Radio, television, newspapers, the Internet, and magazines, considered as a group: can be followed by a singular or plural verb

Origin and usage

The word media is a plural form of the Latin word ‘medium’ meaning ‘middle ground or intermediate’. Its usage as a word to describe newspapers, radio and other sources of information likely derives from the term ‘mass media‘ which was a technical term used in the advertising industry from the 1920s on.


The word media refers to any form of communication that delivers information. Common media outlets include newspapers, radio, television, magazines and internet sources like blogs or online publications. Today, ‘social media‘ is a term that many people are familiar with; this describes information distributed on social networking websites.

The main goal of the media is to inform or communicate with the greatest number of people possible, all at once.

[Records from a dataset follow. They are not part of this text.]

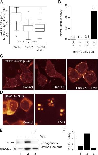 RanBP3 enhances nuclear export of active (beta)-catenin independently of CRM1. , Hendriksen J, Fagotto F , van der Velde H, van Schie M, Noordermeer J, Fornerod M., J Cell Biol. December 5, 2005; 171 (5): 785-97.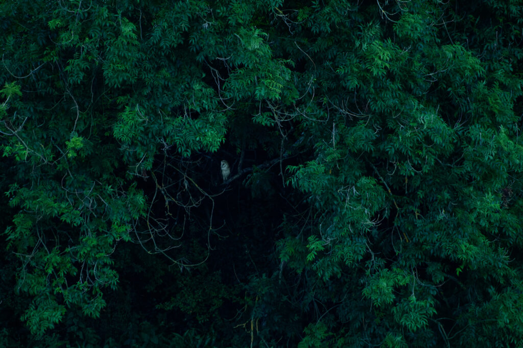 Environmental shot of a Barn Owl in a large tree.
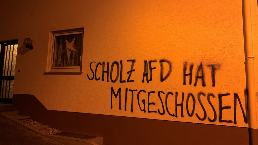 Haus des hessischen Abgeordneten Heiko Scholz mit Hassparole beschmiert – 5.000 Euro Schaden. AfD bundesweit mit Abstand am meisten von Hetz-Attacken bedroht.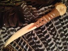 Hand made Camel bone Knife, with braintanned buckskin wrap on the handle. The pommel is the natural end of the bone, left mostly unmodified.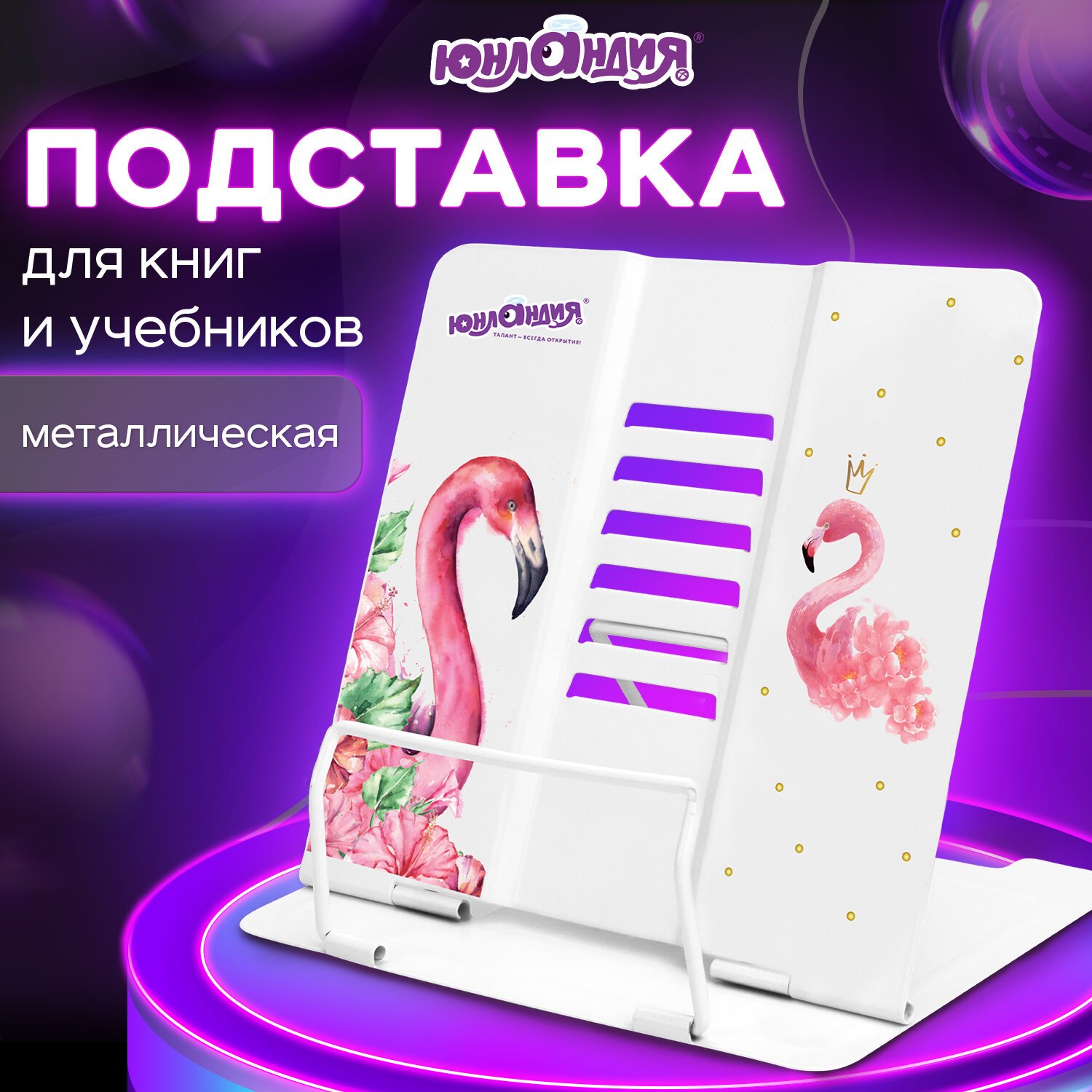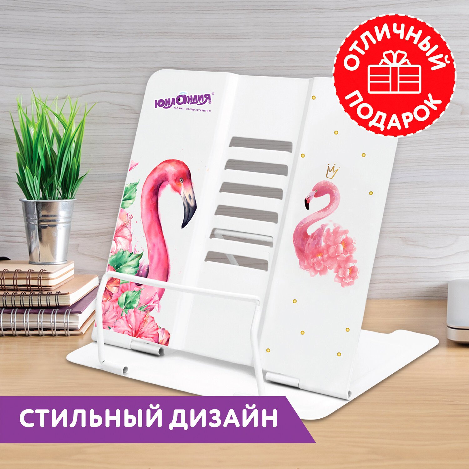 Подставка для книг и учебников ЮНЛАНДИЯ "Flamingo", регулируемый наклон, металлическая, 237573

The public relies on the media to learn about social and political issues, entertainment, important world events, popular culture and local and global news.

In the past, the media was mostly limited to newspapers, magazines and other printed publications. Technology helped to advance the media and expand the options for people to get their daily news and information, first on the radio and then on television. Now, many millions of people rely on the internet to get their news and online media outlets have become very popular all over the world.


“I don’t think there’s a… boundary between digital media and print media. Every magazine is doing an online version.”

(Bill Gates)

View the full definition in the Macmillan Dictionary.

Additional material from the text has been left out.